■ What you will do ■
Your response should be an exact transcription of the data, images excluded.

■ Given data ■
- Opening Delimiter -

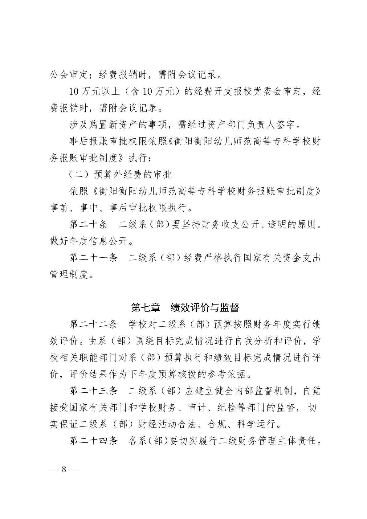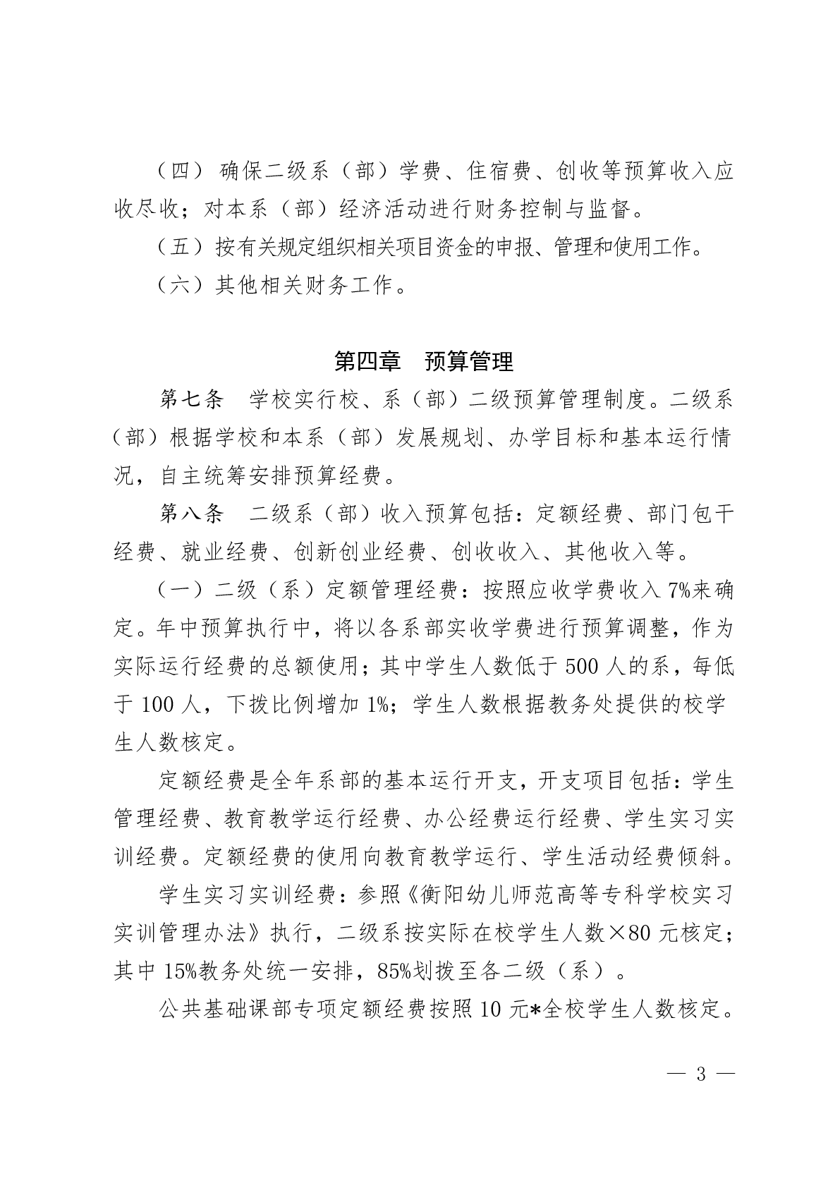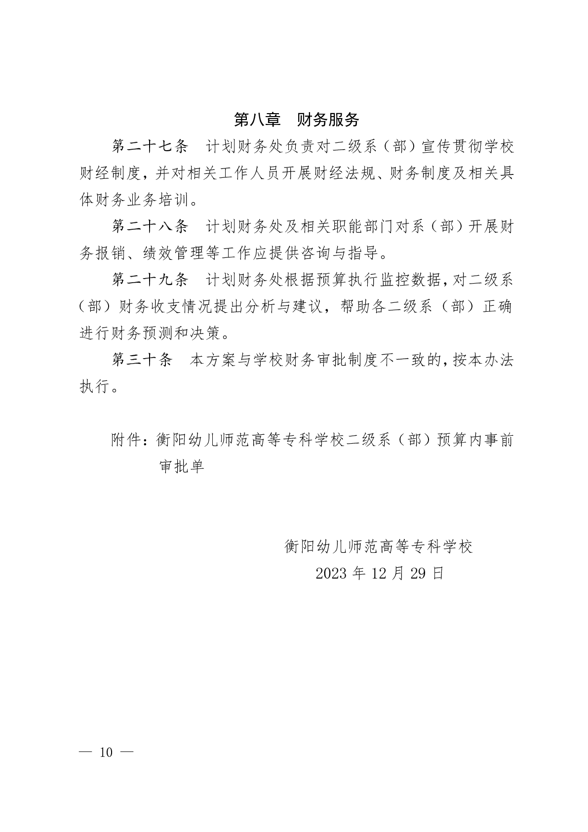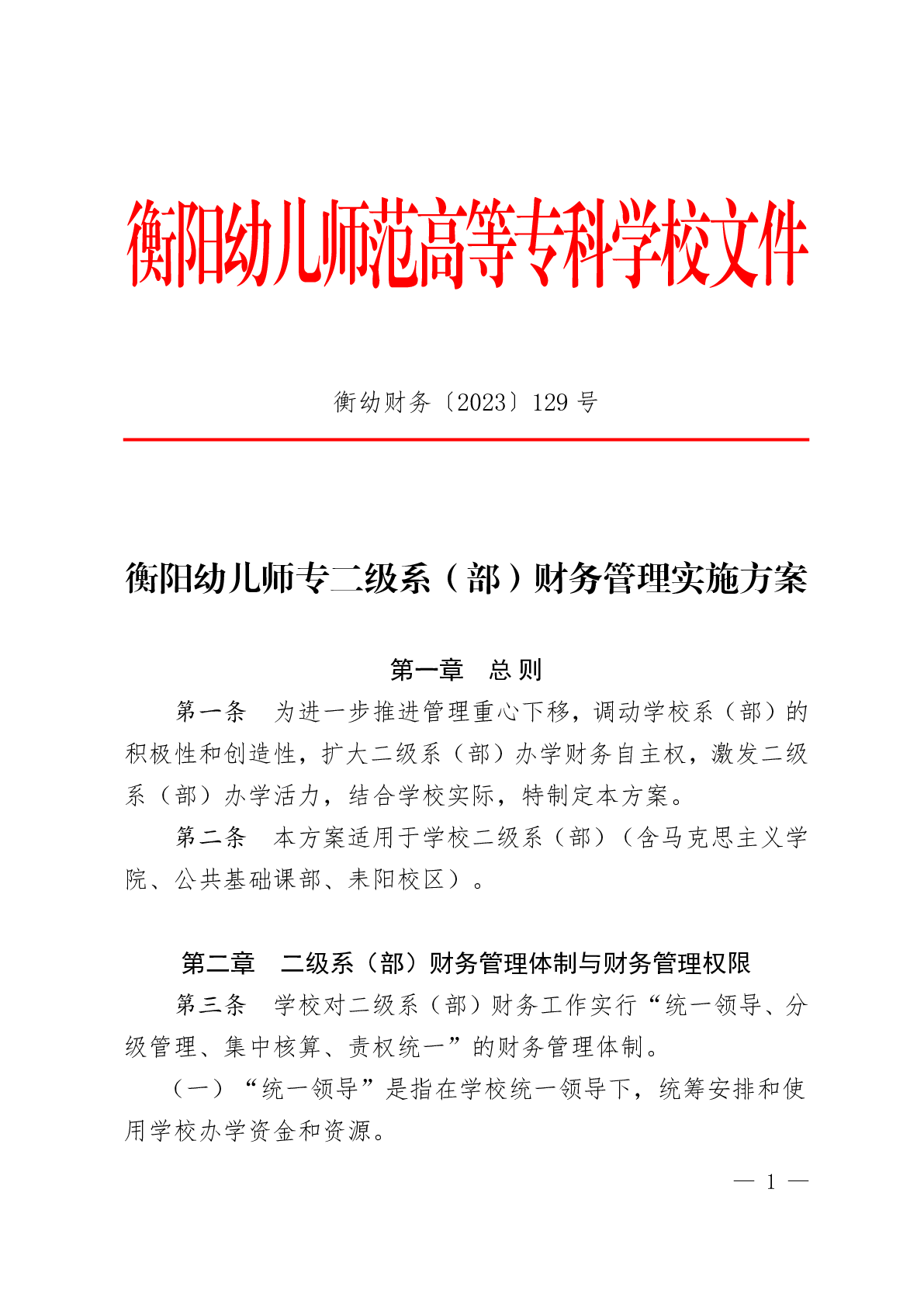 衡幼財務(wù)〔2023〕129號 ?衡陽幼兒師范高等??茖W(xué)校二級系(部)財務(wù)管理實施方案.pdf
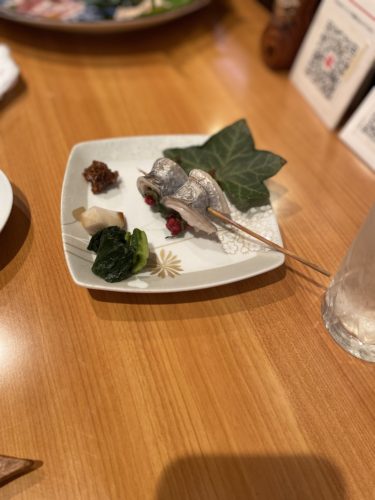 一政さんのおすすめ太刀魚の梅肉入り串焼きをお願いしました!
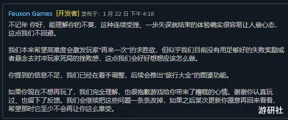不过我还是看好这款游戏,因为在面对批评后,开发者也没有丝毫回避,直言了自己在难度设计上的失误,并且承诺了会着手调整,逐渐改进游戏体验。这样诚恳的态度和本身有一定改进空间的游戏框架,我觉得《灾厄之石》值得玩家暂时的等待。

- Closing Delimiter -

■ Answer box ■
 衡幼財務(wù)〔2023〕129號 ?衡陽幼兒師范高等??茖W(xué)校二級系(部)財務(wù)管理實施方案.pdf
 一政さんのおすすめ太刀魚の梅肉入り串焼きをお願いしました!
不过我还是看好这款游戏,因为在面对批评后,开发者也没有丝毫回避,直言了自己在难度设计上的失误,并且承诺了会着手调整,逐渐改进游戏体验。这样诚恳的态度和本身有一定改进空间的游戏框架,我觉得《灾厄之石》值得玩家暂时的等待。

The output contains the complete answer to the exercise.